Faced with expensive medical bills to treat breast cancer, the 38-year-old nurse from Heilongjiang in northern China is struggling to repay her mortgage and relies on financial support from her wider family to pay for her healthcare.
To cut household costs, she waits until the local food market is about to close before buying because that is when remaining fresh produce is sold at a discount.
“People say that when it’s about to close is the time that produce is cheapest,” said Li. “So now I go at that time.”
Li’s experience show’s the vulnerability of Chinese consumers, who are taking on record amounts of debt even as income growth slows, adding to the challenge for policymakers of preventing the economy from slowing too quickly.
China’s household debt as a proportion of GDP has more than doubled to 40.7% in less than 10 years.

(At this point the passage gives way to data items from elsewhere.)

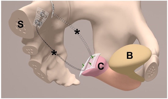 Half-sagittal view of bilateral uterosacral ligament (USL) replacement in the female small pelvis. The middle part of the polyvinylidene fluoride (PVDF) structure (*) is sutured to the cut surface of the cervix (C). The bladder (B) is not separated and remains on the cervix (C). The * indicate both arms of the PVDF structure (Dynamesh CESA, FEG Textiltechnik mbH, Aachen, Germany) for USL replacement. Each arm has a defined length of 8.8 cm and width of 0.4 cm and is placed below the peritoneal fold of the left and right USL. Both ends of the PVDF structure are fixed in front of the sacral vertebra (S) to the prevertebral fascial layer at the level of S1/promontory (made with Adobe Illustrator 2021, Version 25.2.3, Dublin, Republic of Ireland).
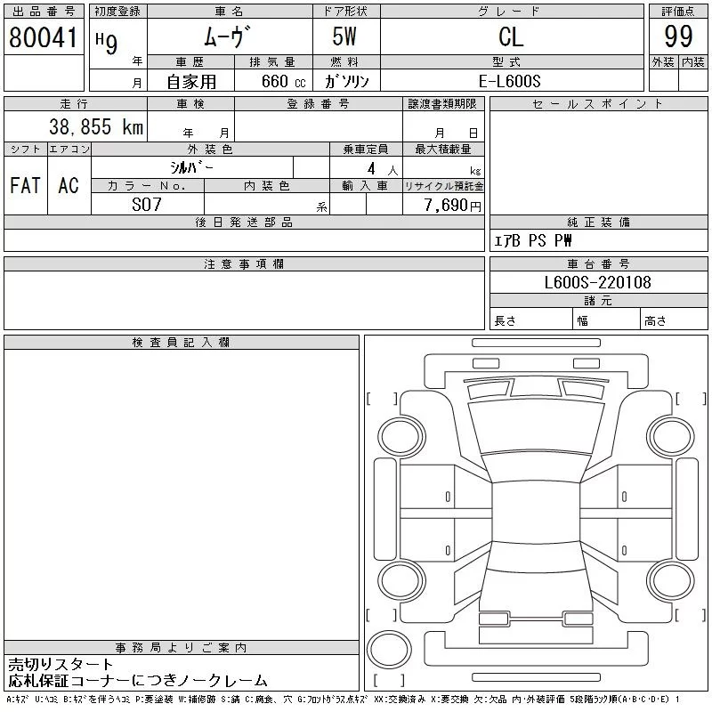 Daihatsu MOVE с аукциона Японии CAA Tokyo лот № 80041
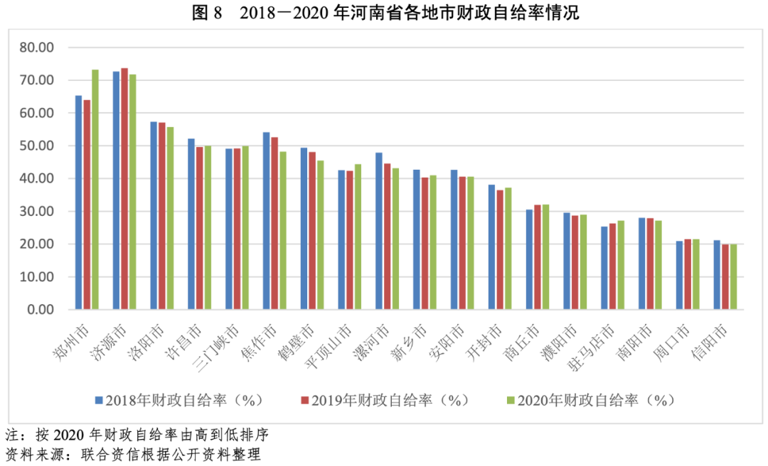 財政自給率方面,2020年,鄭州市財政自給率最高,為73.20%,除鄭州市和濟(jì)源市以外,其他地市財政自給率均在60%以下,其中信陽市最低,僅為19.96%。從財政自給率變化情況來看,2018-2020年,除鄭州市、三門峽市、平頂山市、商丘市、駐馬店市和周口市以外,其他地市財政自給率均呈現(xiàn)不同程度下降。總體看,河南省各地市財政自給率差距較大,財政自給能力整體較弱。
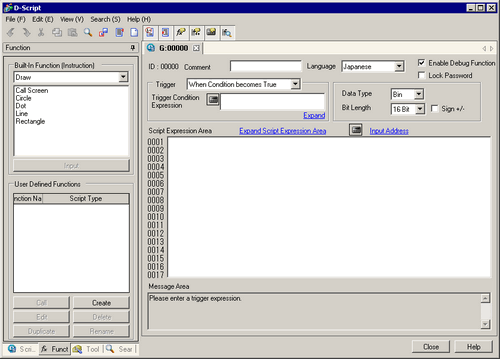 Select the trigger condition to run scripts from [Continuous Action], [Timer], [When Bit turns ON], [While Bit is ON], [When Bit turns OFF], [While Bit is OFF], [On Bit Change], [When Condition becomes True], [While Condition is true], [When Condition becomes False], [While Condition is False]. For more information about this function, please refer to the following.
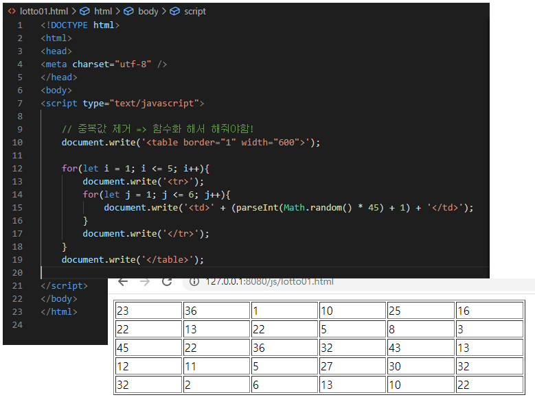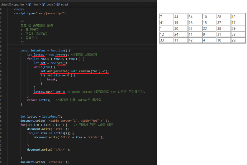 @ 로또번호 나열 구현 ( 중복값 제거 포함된거 아래쪽에 있음)
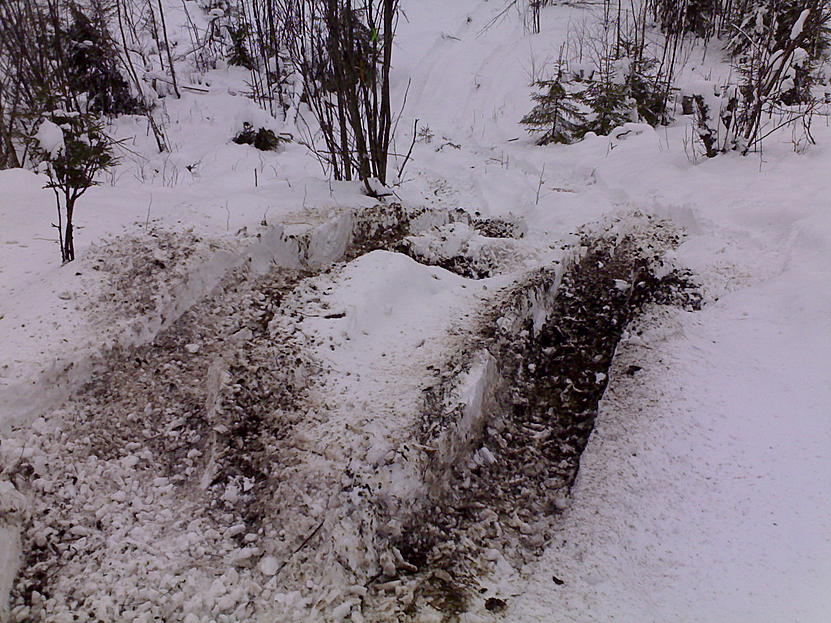 No huh huh ! Olipas työläs reissu. Liukasta oli että niin, että meillä kaikilla oli niin mukavaa. Ja kauhean syviä ojia ja monttuja ja puteroita oli joku käynyt reitille kaivamassa.Minulta ainakin tais särkyä mustasta jotakin oikealta edestä. Rupesi ääntämään oudosti ratti oikeaan käännettynä tappiin asti. Ja kyllä näyttää ketjut olevan kova sana, ainakin kun on piikit ketjuissa. Kyllä talvioffailu on melkosta liukastelua. Keli oli kyllä varmaan se kaikkein liukkain mahdollinen. Vitilunta, joka painuu heti renkaan alla kovaksi ja on sen jälkeen kuin jäätiköllä ajaisi. Mutta keikka heitettiin ja makkarat paisteltiin laavulla. Koirakin tykkäsi, oli mukana veikeä pikkutyttö offaamassa.
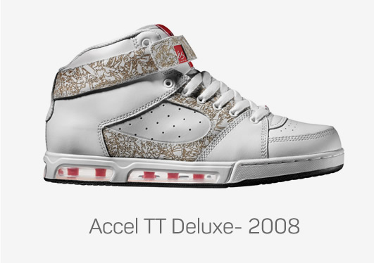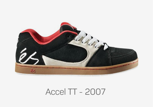 En todos estos años, las Accel fueron sometidas a un montón de actualizaciones. Además de las originales, aparecieron las Accel TT, las Accel Plus, hasta la época dorada de las cupsoles. Cuando la demanda comienza a caer, éS crea una versión vulcanizada, con menos padding y más slims, las llamadas Square one.
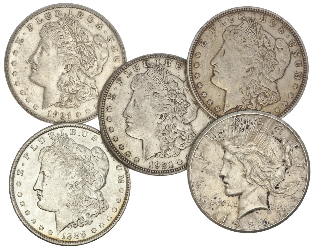 Quintet of Silver Dollars: 1888. Uncirculated; 1921 Morgan plain, "D" and "S". VF-EF; and 1926 AU. (5)
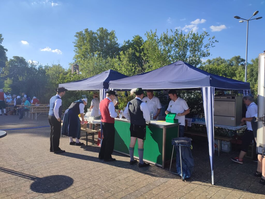 Das Ende des Sommermonats Juni stand im Zeichen gleich zweier Veranstaltungen, die parallel stattfanden: Rock am Speyerbach, ausgerichtet von der Lebenshilfe Neustadt e.V., und der 75. Geburtstag der Neustadter Trachtengruppe, der im Rahmen der Johannisfeier des Landestrachtenverbandes Rheinland-Pfalz begangen wurden. Während wir seit über einem Jahrzehnt schon die Lebenshilfe bei Rock am Speyerbach ehrenamtlich durch Getränke- und Essensverkauf unterstützen, war unser Engagement für die Trachtengruppe bei solch einem Jubiläum ein Novum. Es war uns eine Freude, unsere Freunde von der Trachtengruppe Neustadt bei ihrem Jubiläum unterstützen zu können!
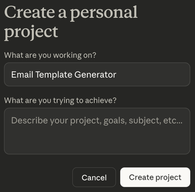 Give your project a clear, descriptive name. “Email Template Generator” works better than “Emails” because you’ll recognize it instantly when switching between projects. The name appears in your dashboard and helps you stay organized when you’re managing multiple workspaces, in the second field you can also add description for project details. (This is just a naming it does not affect or help Claude in any ways)
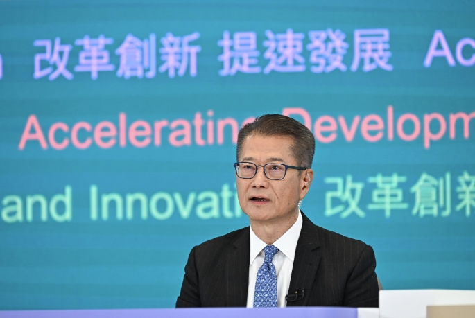陳茂波出席《財政預算案》論壇並進行開場發言。香港特區政府公報
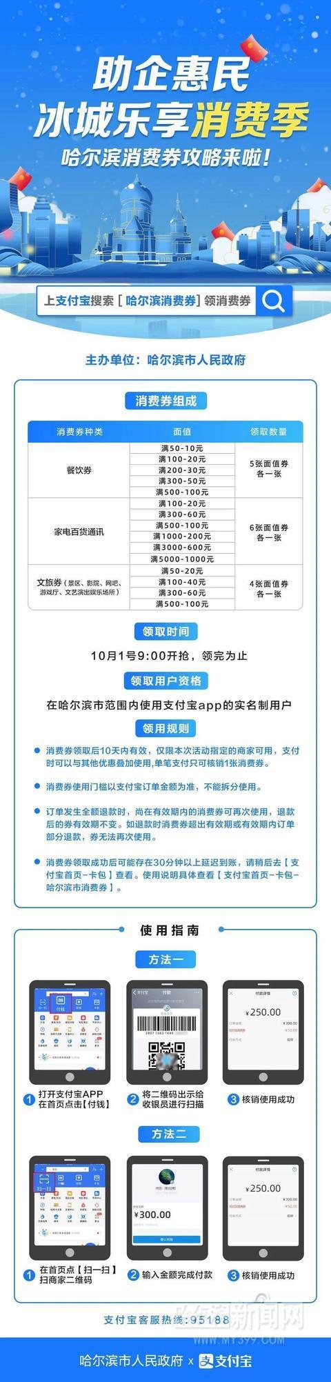 记者从哈尔滨市商务局获悉,为扩大政府消费券覆盖范围,将阿里(支付宝)纳入消费券发放渠道,10月1日9时记得来支付宝领券!
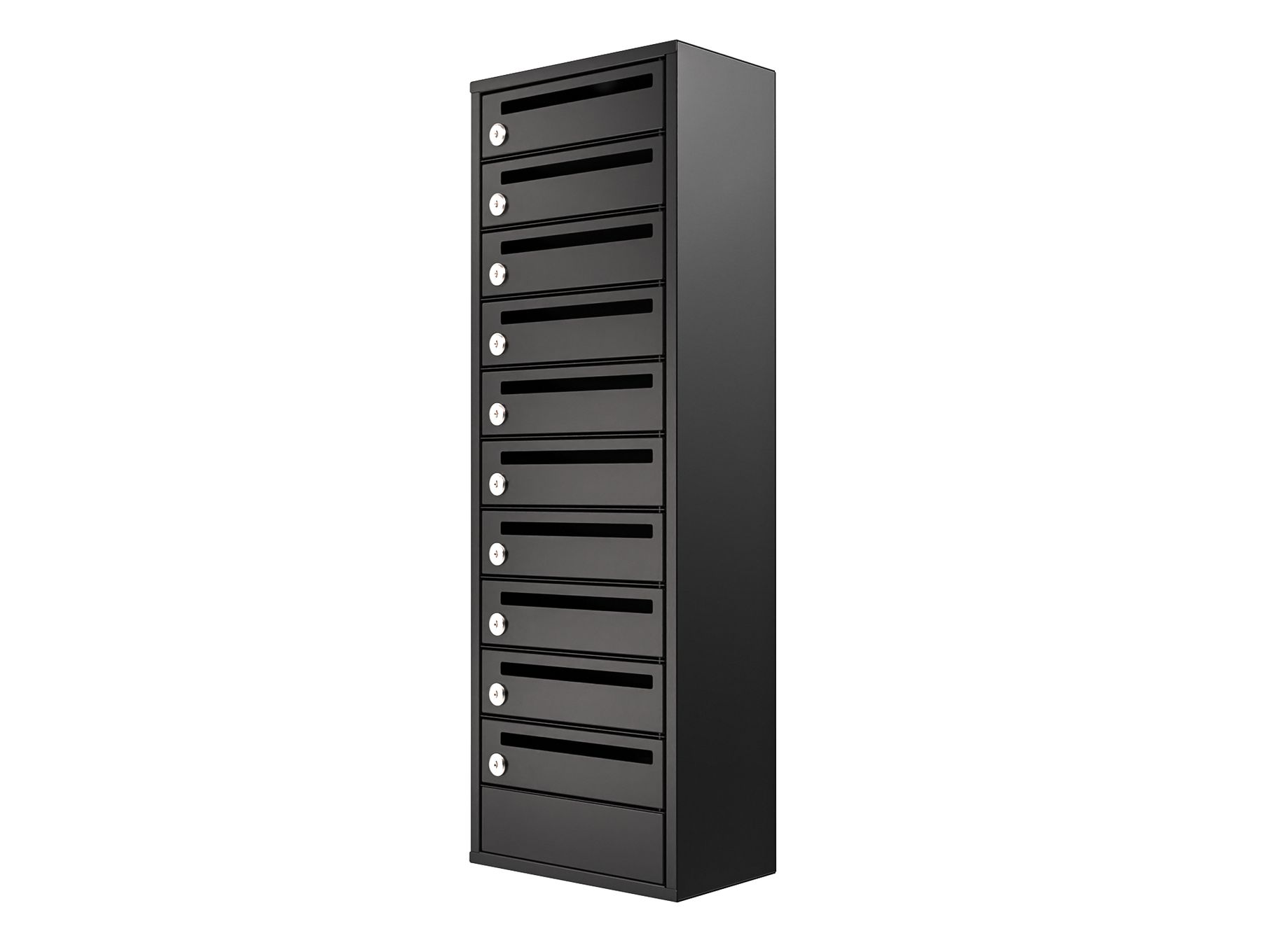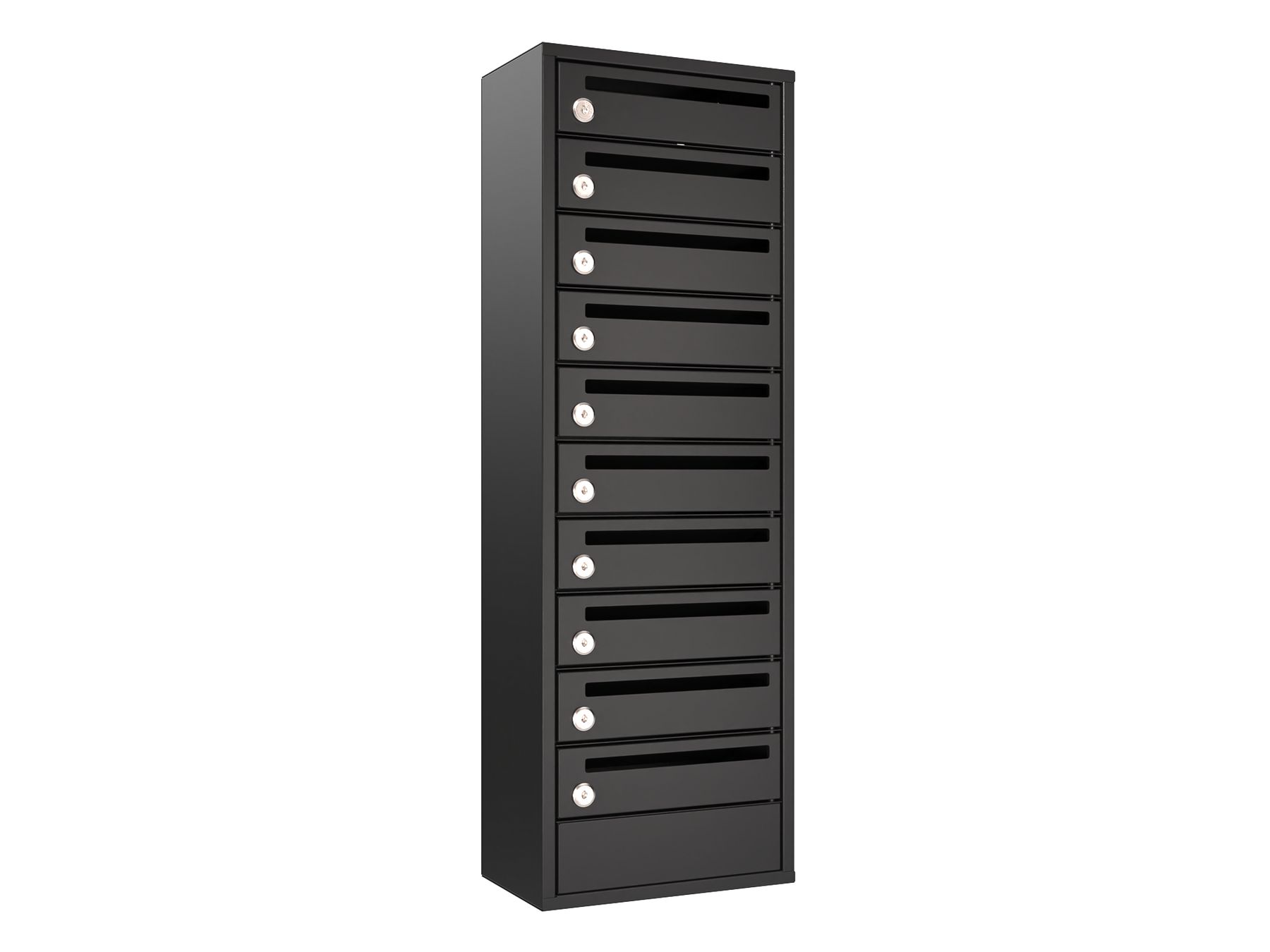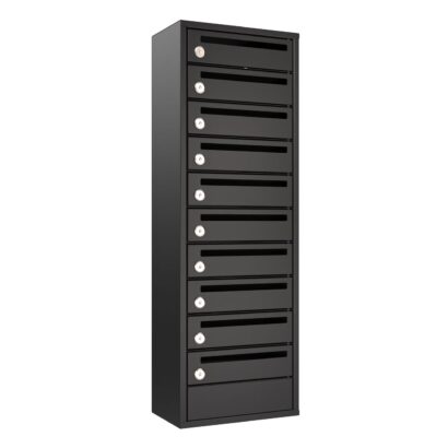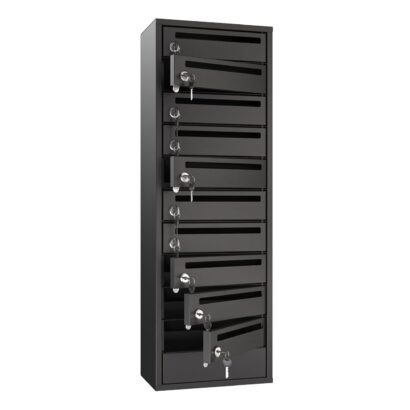 Характеристики корпуса: Ящик прямоугольной формы с прямым дном. Габариты ячейки 340(Ш)х200(Г)х100(В). Количество ячеек в одном ящике 3-14 + глухая ячейка. (Оснащены надежными петлями, с открыванием дверцы слева направо, для удобства надежные замки уже встроены в дверцы, и комплектуются 2мя ключами. Загрузка корреспонденции осуществляется в щелевое отверстие в дверце.
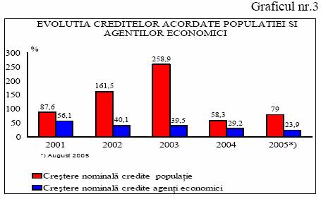 O dinamica mai accentuata s-a inregistrat la imprumuturile acordate populatiei, respectiv 64,3% in termeni reali, dinamica mult superioara veniturilor salariale. De subliniat este ca, dupa expansiunea din 2003, cresterea creditelor acordate persoanelor fizice a cunoscut o temperare, care este cu atat mai importanta daca este corelata cu dinamica veniturilor. Astfel, daca in 2003 la o crestere a veniturilor cu 27,7%, creditele populatiei se majorau cu 258,9%, rezultand un indice de devansare de 2,81, in primele 8 luni ale a.c. acest indice s-a redus la 1,44.
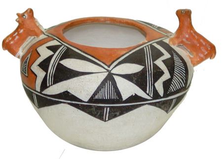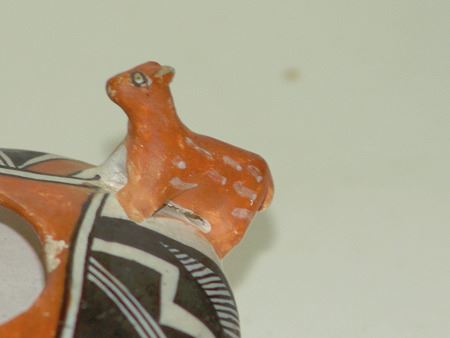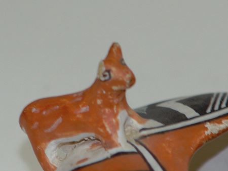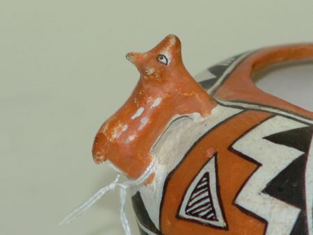 Ca. 1980s, Unique polychrome jar with fawn/cow/dog(?) figures attached. Good condition, missing one ear and has some small chips and dings. 4-1/4" x 6-3/4" x 5"
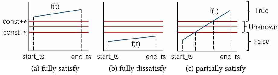 在段模式下,扫描操作符处理每个段的线性模型。操作符将整个段作为一个整体进行处理。例如,在过滤操作中,段模式可以根据段的线性模型快速决定是否接受或拒绝整个段,或者接受段的一部分。在异常模式下,扫描操作符逐个处理异常记录,类似于传统的关系数据库操作符。这种模式逐个读取和处理异常值,以确保所有数据点,包括异常点,都能被准确处理和查询。对于每个段,在评估过滤谓词时考虑三种情况。图 5 展示了一个示例,其中过滤条件为 value > const。在情况 (a) 中,段完全满足过滤条件,则将结果设置为真。在情况 (b) 中,段完全不满足过滤条件,则将结果设置为假。在情况 (c) 中,段部分满足过滤条件,因此将段划分为最多三个较小的段,如图 5(c) 所示。MOST相应地设置真和假的部分结果。对于未知部分,则需要考虑每个点。这里简单地将未知部分的所有点插入异常值列表,并与其他异常值一起处理。未知段变为空段,其结果设置为假。对于每个异常值,生成一个概率 p 用于过滤评估。首先根据预测值和误差边界约束计算 [valuelo, valuehi]。然后将值范围与过滤谓词进行比较,也有三种情况。首先,整个范围满足过滤条件,将p设置为1。其次,整个范围不满足过滤条件,则将p设置为0。第三,范围与过滤条件相交,根据均匀分布计算 p。对于示例过滤条件 value > const,如果 const 在[valuelo, valuehi]范围内,则p= (valuehi - const) (valuehi- valuelo)。逻辑操作(即 AND, OR, NOT)的过滤谓词可以轻松支持。请回忆,所有值列的段在编织扫描时已对齐。如果在任何过滤评估中发生情况 (c),则意味着可以进一步将段划分为更小的段。在给定段上评估单个过滤器后得到真/假结果。因此,对于一个段来说,计算 AND/OR/NOT 过滤谓词是很容易的。对于异常值,MOST假设不同列上的过滤结果是独立的。假设两个过滤谓词的概率分别为 p(pred1) = p1和p(pred2) = p2。则 p(pred1 ANDpred2) = p1 * p2,p(pred1 OR pred2) = 1 - (1 - p1)(1 - p2),p(NOT pred1) = 1-p1。过滤操作符通常输出所有输入段和异常值,并增强每个段的真/假结果和每个异常值的概率。只有当段的结果为假,并且它没有任何异常值或所有相关异常值的概率为 0 时,段才可以安全地丢弃。只有当异常值的概率为0并且其关联段的结果为假时,异常值才可以丢弃。
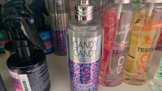 По рекомендации Тиктока заинтерисовалась спреем для тела. Ароматы Victoria's Secret я люблю, поэтому стало любопытно. Неужели они реально похожи? Нашла я этот популярный спрей, называется он "Candy candy", что переводится "конфетка, конфетка". Леопардовое оформление мне не особо нравится, лучше бы нарисовали леденцы. Стоимость небольшая - это 289 рублей за 135 мл. Помечено: "с экстрактом манго". Протестировав аромат, я была в негодовании. Почему его так назвали? Спрей для тела скорее свежий и фруктовый, нежели сладкий...

While developed nations have higher rates of household debt, Chinese families are much more leveraged because income is lower and so proportionately the costs of social welfare from pensions to healthcare are much higher.
At the end of 2014, the out-of-pocket health spend in China as a percentage of total expenditure was 32%, compared to 9.7% in Britain and 11% in the United States, World Health Organisation data shows.
“Household debt leverage is very alarming, even though the aggregate amount is controllable,” said Wan Zhe, chief economist at China National Gold Group Corporation, visiting researcher at Chongyang Institute for Financial Studies, Renmin University of China.
“The first issue is that household debt has risen too quickly, the second is that it has risen too quickly as a proportion” of GDP and disposable income, said Wan.
Underlining these concerns, authorities are trying to calm a property rally. In the latest move, regulators told banks to limit the issuance of home loans, the Shanghai Securities Journal reported on Thursday.
The balance of retail mortgages at the end of the third quarter hit 16.8tn yuan ($2.5tn), more than a third higher than a year earlier, China central bank data shows.